#18 – Silverlight and WPF Differences
July 30, 2010 1 Comment
Silverlight’s original name was WPF/E (WPF/Everywhere), underscoring the fact that Silverlight follows the same programming model as WPF and uses many of the same controls, but is based on a client library that is downloaded from the browser and targeted to run on a wider variety of platforms.
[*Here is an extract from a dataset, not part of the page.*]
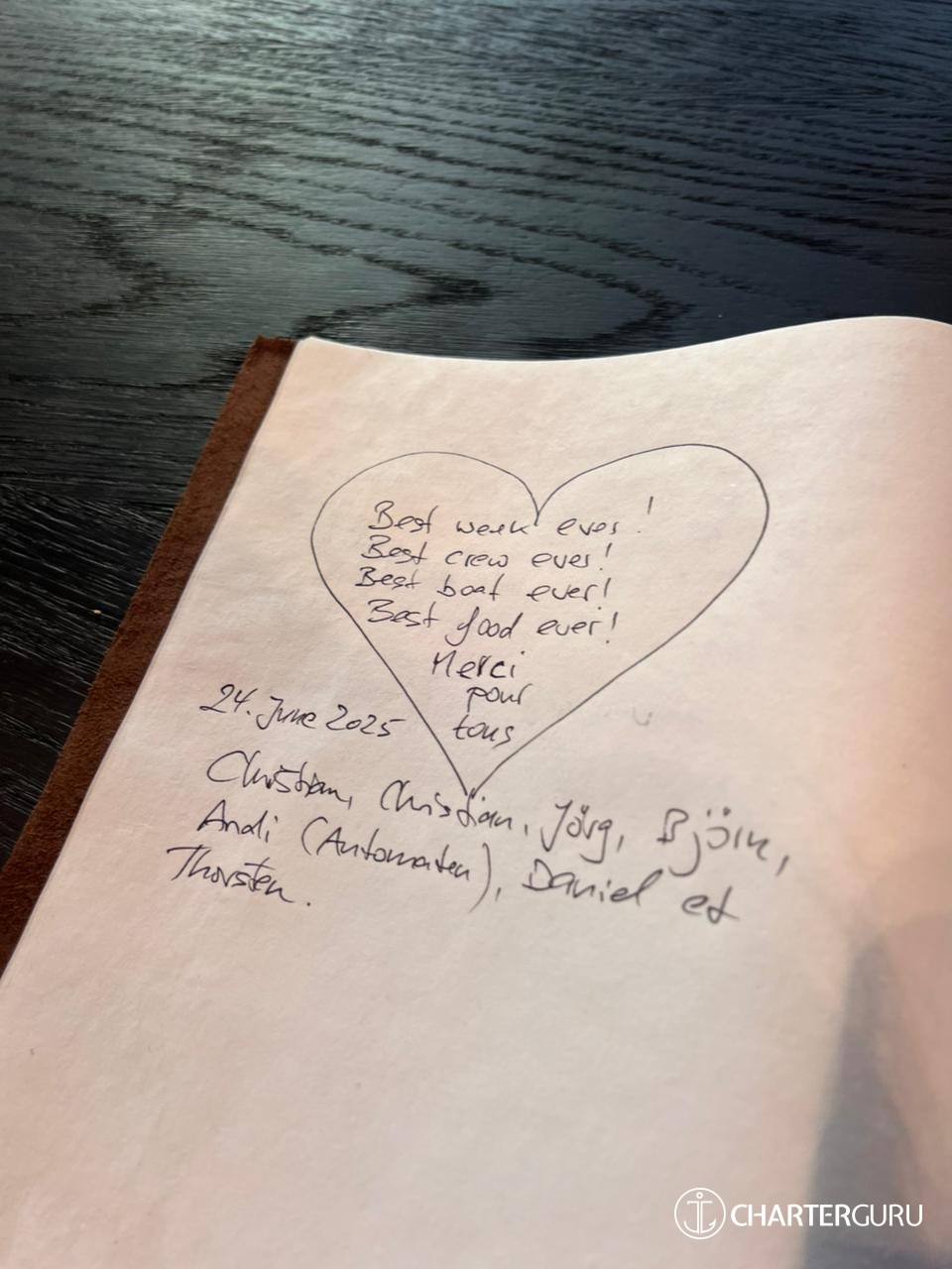 Your professionalism, kindness, and attention to every little thing turned this voyage into something truly special.
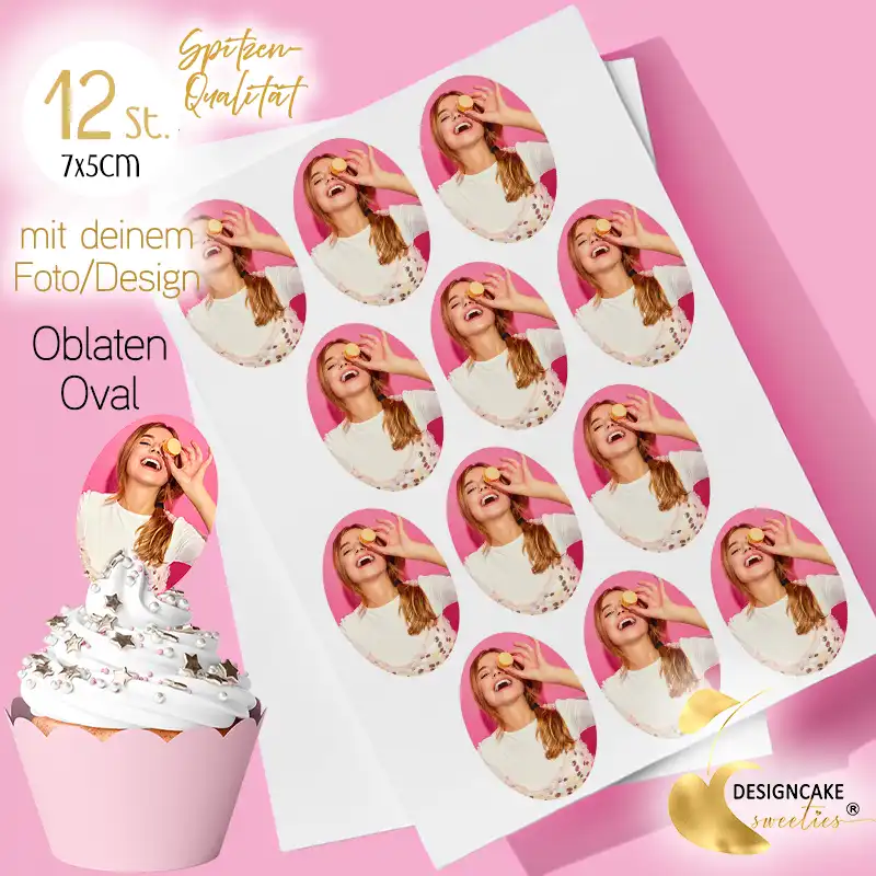Gestalten Sie Ihre ovalen Oblaten ganz nach Wunsch: Laden Sie Ihr Logo, Foto oder Design direkt bei der Bestellung hoch oder senden Sie es per E-Mail. Wir übernehmen den Rest – vom lebensmittelechten Druck bis zur präzisen Stanzung. Ihre 12 ovalen Oblaten in der Größe 7 × 5 cm kommen fix und fertig zugeschnitten zu Ihnen – in Spitzenqualität, hergestellt aus feinsten Zutaten.

Core differences between WPF and Silverlight:
- WPF runs only on Windows platforms
- WPF expects .NET Framework to already be present on client
- Silverlight can use a subset of all WPF controls
- Silverlight uses a subset of the full .NET Framework and the CLR
Features present in WPF but not in Silverlight:
- Flow document support
- Dynamic resources
- Merged dictionaries
- Resetting a style to a new FrameworkElement
- Style inheritance
- Implicit styles with TargetType attribute
- Triggers for Styles, ControlTemplates, DataTemplates.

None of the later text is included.